**Data section**
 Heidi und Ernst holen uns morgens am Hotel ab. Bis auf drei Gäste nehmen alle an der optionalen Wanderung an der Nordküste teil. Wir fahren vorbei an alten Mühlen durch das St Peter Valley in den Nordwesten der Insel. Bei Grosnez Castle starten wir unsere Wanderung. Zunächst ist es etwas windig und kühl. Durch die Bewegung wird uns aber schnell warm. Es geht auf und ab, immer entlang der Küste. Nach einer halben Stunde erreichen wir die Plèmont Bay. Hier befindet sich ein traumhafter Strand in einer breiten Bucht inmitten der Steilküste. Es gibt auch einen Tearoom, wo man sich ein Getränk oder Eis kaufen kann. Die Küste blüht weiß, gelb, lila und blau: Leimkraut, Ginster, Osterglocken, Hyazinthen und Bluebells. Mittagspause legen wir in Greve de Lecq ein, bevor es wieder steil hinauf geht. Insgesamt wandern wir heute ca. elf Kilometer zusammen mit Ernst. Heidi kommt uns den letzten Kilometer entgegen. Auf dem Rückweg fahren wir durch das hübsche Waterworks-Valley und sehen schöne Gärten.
...
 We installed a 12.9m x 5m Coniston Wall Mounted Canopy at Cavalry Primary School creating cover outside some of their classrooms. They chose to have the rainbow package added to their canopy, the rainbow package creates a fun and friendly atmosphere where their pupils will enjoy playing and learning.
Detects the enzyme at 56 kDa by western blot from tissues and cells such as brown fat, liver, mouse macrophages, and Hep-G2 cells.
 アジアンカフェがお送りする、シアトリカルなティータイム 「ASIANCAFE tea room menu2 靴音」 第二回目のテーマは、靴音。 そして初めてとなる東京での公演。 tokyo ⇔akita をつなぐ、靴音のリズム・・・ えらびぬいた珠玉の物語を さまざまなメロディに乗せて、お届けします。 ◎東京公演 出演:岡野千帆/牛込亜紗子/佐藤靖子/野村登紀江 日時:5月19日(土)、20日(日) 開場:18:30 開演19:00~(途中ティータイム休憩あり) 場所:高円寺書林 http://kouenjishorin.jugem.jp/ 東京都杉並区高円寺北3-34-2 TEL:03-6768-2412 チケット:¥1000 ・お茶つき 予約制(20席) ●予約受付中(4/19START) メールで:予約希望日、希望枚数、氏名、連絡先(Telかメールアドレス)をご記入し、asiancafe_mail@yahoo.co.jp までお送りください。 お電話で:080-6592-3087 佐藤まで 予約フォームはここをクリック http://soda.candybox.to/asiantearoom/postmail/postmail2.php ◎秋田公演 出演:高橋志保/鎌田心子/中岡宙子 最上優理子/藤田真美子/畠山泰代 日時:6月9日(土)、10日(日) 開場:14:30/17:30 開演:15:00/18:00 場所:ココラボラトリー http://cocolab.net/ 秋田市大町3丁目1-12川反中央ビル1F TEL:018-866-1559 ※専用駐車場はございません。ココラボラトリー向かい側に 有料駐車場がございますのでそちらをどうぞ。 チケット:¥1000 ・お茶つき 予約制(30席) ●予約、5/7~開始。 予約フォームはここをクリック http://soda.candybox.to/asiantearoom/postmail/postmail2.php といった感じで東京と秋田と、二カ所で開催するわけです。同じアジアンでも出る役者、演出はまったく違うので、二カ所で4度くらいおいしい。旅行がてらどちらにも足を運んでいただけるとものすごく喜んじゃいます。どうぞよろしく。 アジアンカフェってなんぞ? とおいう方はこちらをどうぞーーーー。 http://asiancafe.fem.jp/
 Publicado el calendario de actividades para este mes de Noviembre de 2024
...
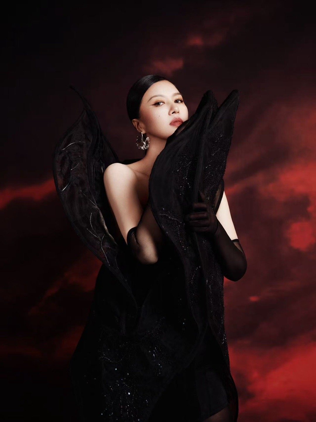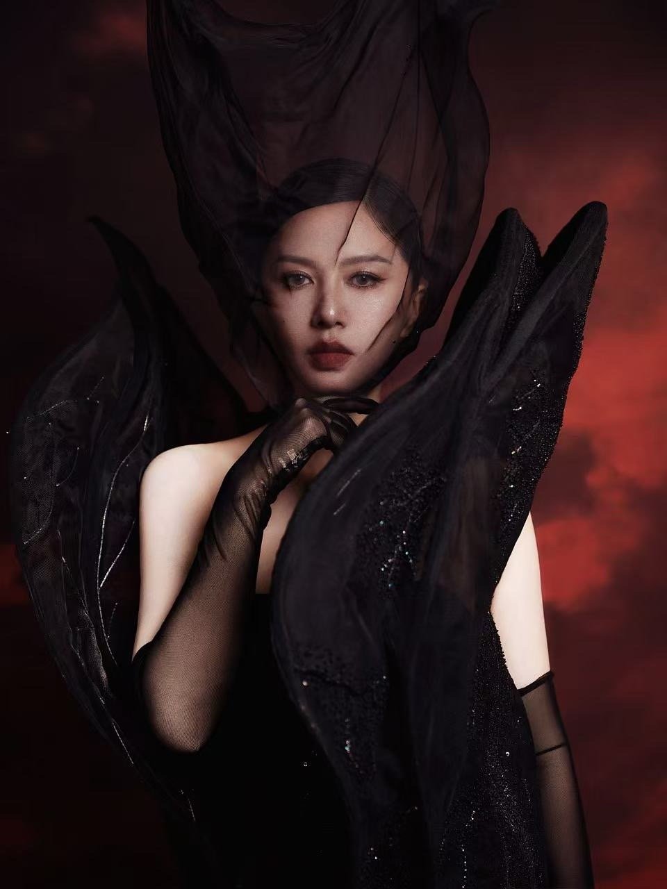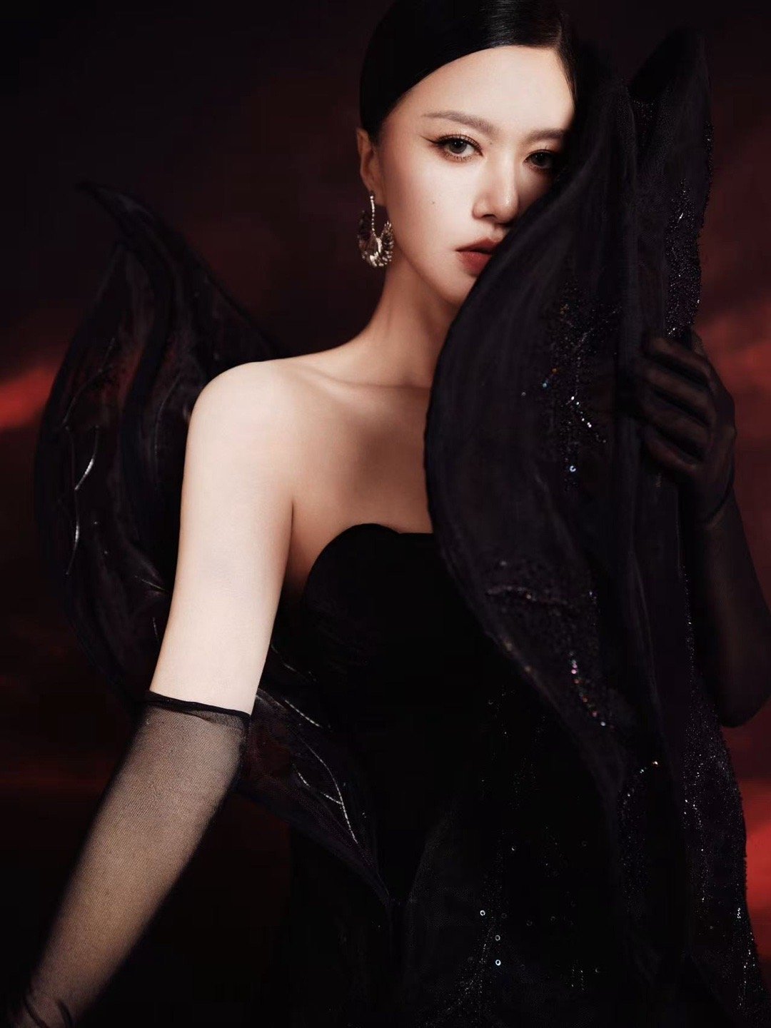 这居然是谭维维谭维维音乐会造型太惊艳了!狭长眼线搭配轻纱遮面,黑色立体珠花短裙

**Required work**
Give the exact lines, and only those, from the line containing "We installed a" through the line containing "Publicado el calendario" in the entries above.

**Your solution**
 We installed a 12.9m x 5m Coniston Wall Mounted Canopy at Cavalry Primary School creating cover outside some of their classrooms. They chose to have the rainbow package added to their canopy, the rainbow package creates a fun and friendly atmosphere where their pupils will enjoy playing and learning.
Detects the enzyme at 56 kDa by western blot from tissues and cells such as brown fat, liver, mouse macrophages, and Hep-G2 cells.
 アジアンカフェがお送りする、シアトリカルなティータイム 「ASIANCAFE tea room menu2 靴音」 第二回目のテーマは、靴音。 そして初めてとなる東京での公演。 tokyo ⇔akita をつなぐ、靴音のリズム・・・ えらびぬいた珠玉の物語を さまざまなメロディに乗せて、お届けします。 ◎東京公演 出演:岡野千帆/牛込亜紗子/佐藤靖子/野村登紀江 日時:5月19日(土)、20日(日) 開場:18:30 開演19:00~(途中ティータイム休憩あり) 場所:高円寺書林 http://kouenjishorin.jugem.jp/ 東京都杉並区高円寺北3-34-2 TEL:03-6768-2412 チケット:¥1000 ・お茶つき 予約制(20席) ●予約受付中(4/19START) メールで:予約希望日、希望枚数、氏名、連絡先(Telかメールアドレス)をご記入し、asiancafe_mail@yahoo.co.jp までお送りください。 お電話で:080-6592-3087 佐藤まで 予約フォームはここをクリック http://soda.candybox.to/asiantearoom/postmail/postmail2.php ◎秋田公演 出演:高橋志保/鎌田心子/中岡宙子 最上優理子/藤田真美子/畠山泰代 日時:6月9日(土)、10日(日) 開場:14:30/17:30 開演:15:00/18:00 場所:ココラボラトリー http://cocolab.net/ 秋田市大町3丁目1-12川反中央ビル1F TEL:018-866-1559 ※専用駐車場はございません。ココラボラトリー向かい側に 有料駐車場がございますのでそちらをどうぞ。 チケット:¥1000 ・お茶つき 予約制(30席) ●予約、5/7~開始。 予約フォームはここをクリック http://soda.candybox.to/asiantearoom/postmail/postmail2.php といった感じで東京と秋田と、二カ所で開催するわけです。同じアジアンでも出る役者、演出はまったく違うので、二カ所で4度くらいおいしい。旅行がてらどちらにも足を運んでいただけるとものすごく喜んじゃいます。どうぞよろしく。 アジアンカフェってなんぞ? とおいう方はこちらをどうぞーーーー。 http://asiancafe.fem.jp/
 Publicado el calendario de actividades para este mes de Noviembre de 2024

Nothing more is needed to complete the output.